SFEBES2008 Poster Presentations Thyroid (68 abstracts)
Departments of 1Endocrinology; 2Histopathology; 3Clinical Oncology; 4Radiology; 5Ear, Nose and Throat Surgery; 6Medical Oncology, St Bartholomews Hospital, London, UK.
A 24-year-old woman presented with stridor resulting from a large, firm, anterior neck mass. At age six she had been treated for acute lymphoblastic leukaemia (ALL) with vincristine, prednisolone, daunorubicin, asparaginase, prophylactic cranial radiotherapy and intrathecal methotrexate. She also had primary hypothyroidism with strongly positive thyroid peroxidase antibodies.
The mass had been gradually enlarging for 6 months, causing exertional breathlessness. For 3 days prior to admission, she described severe nocturnal dyspnoea and stridor. She also noted 3 months of weight loss (1 stone) and drenching night sweats. After a single 8 mg i.v. dexamethasone dose the mass significantly reduced in size and the stridor resolved.
CT showed a large mass intrinsic to the gland measuring 5.6×7.4×6.3 cm. Abnormal tissue compressed and invaded the trachea. There was multi-level lymphadenopathy. Open biopsy revealed histiocytic sarcoma of the thyroid.
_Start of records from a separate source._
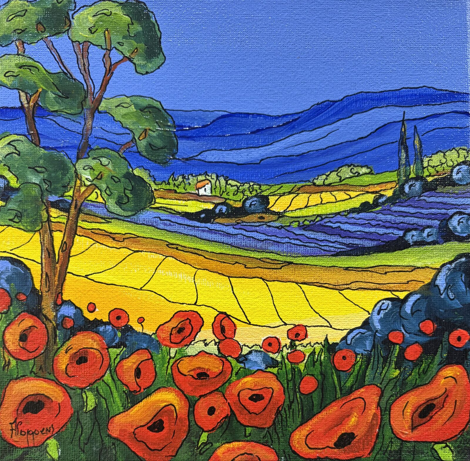 A blaze of poppies anchors the foreground as ribbons of golden fields and lavender roll toward distant blue hills. Bold contours and upright cypresses create rhythm and depth—a sunlit scene of quiet joy.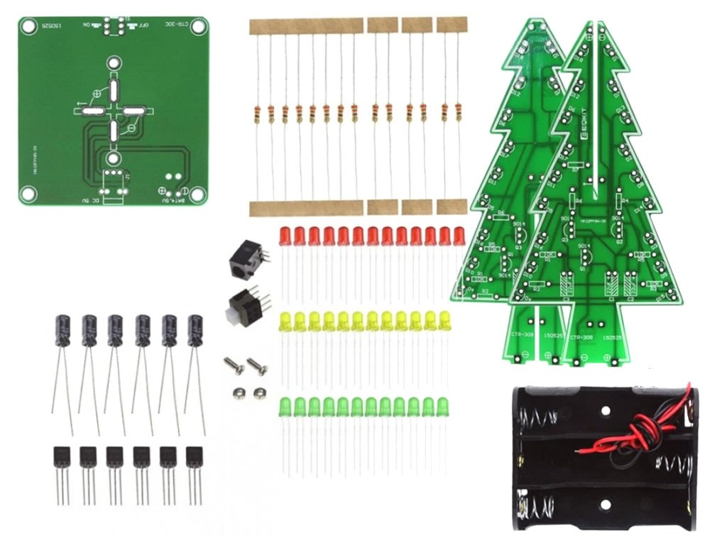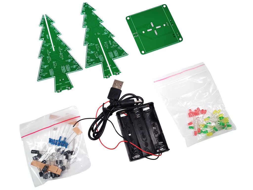 Elektronická stavebnice ve tvaru 3D vánočního stromečku nabízí jedinečné dekorační LED osvětlení. S 37 diodami v třech barvách vytváří efektní blikající světelnou show, což z něj činí ideální volbu pro originální vánoční dekorace, modelářské projekty nebo jako výukovou elektronickou stavebnici.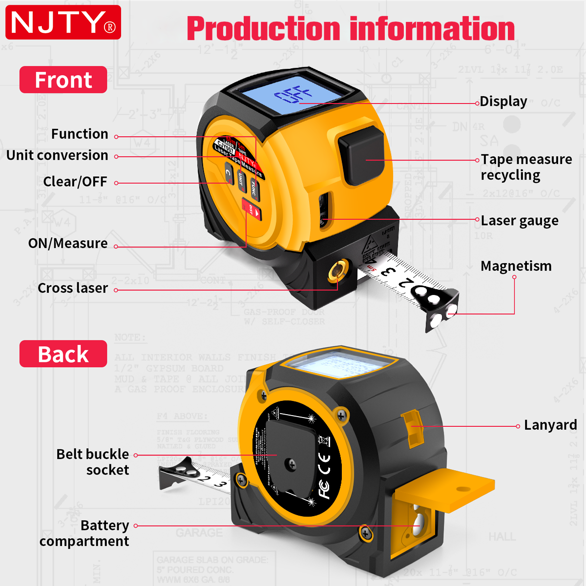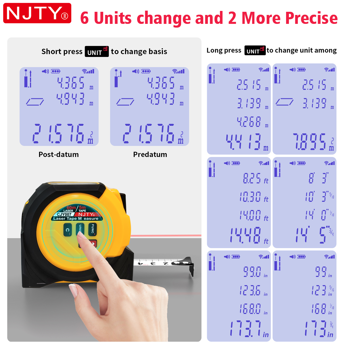 NJTY CJY007 Laser Tape Measure 197Ft/60M

There was minimal response to CHOP chemotherapy but radiotherapy gave significant shrinkage. As ultrasound showed residual disease a thyroidectomy was performed. Histology confirmed radiotherapy changes, a follicular adenoma and residual histiocytic sarcoma with clear margins. Ultrasound at three months showed no evidence of recurrence.
Histiocytic sarcomas are rare. Found most commonly in the skin, lymph nodes and gastrointestinal tract, there are no documented cases in the thyroid. There are reports of histiocytic sarcoma following ALL, however all cases occurred within two years of the leukaemia. It has been suggested these may be related to the use of alkylating agents. There are historical reports of histiocytic malignancies associated with raised thyroid antibodies, but these predate modern immunohistochemical staining and WHOs recategorisation of lymphomas in 1997. The majority of these previously reported histiocytic lymphomas are now thought to reflect alternative diagnoses.
We present the first reported case of histiocytic sarcoma of the thyroid. The patient appears to have been successfully treated with chemotherapy, radiotherapy and surgery.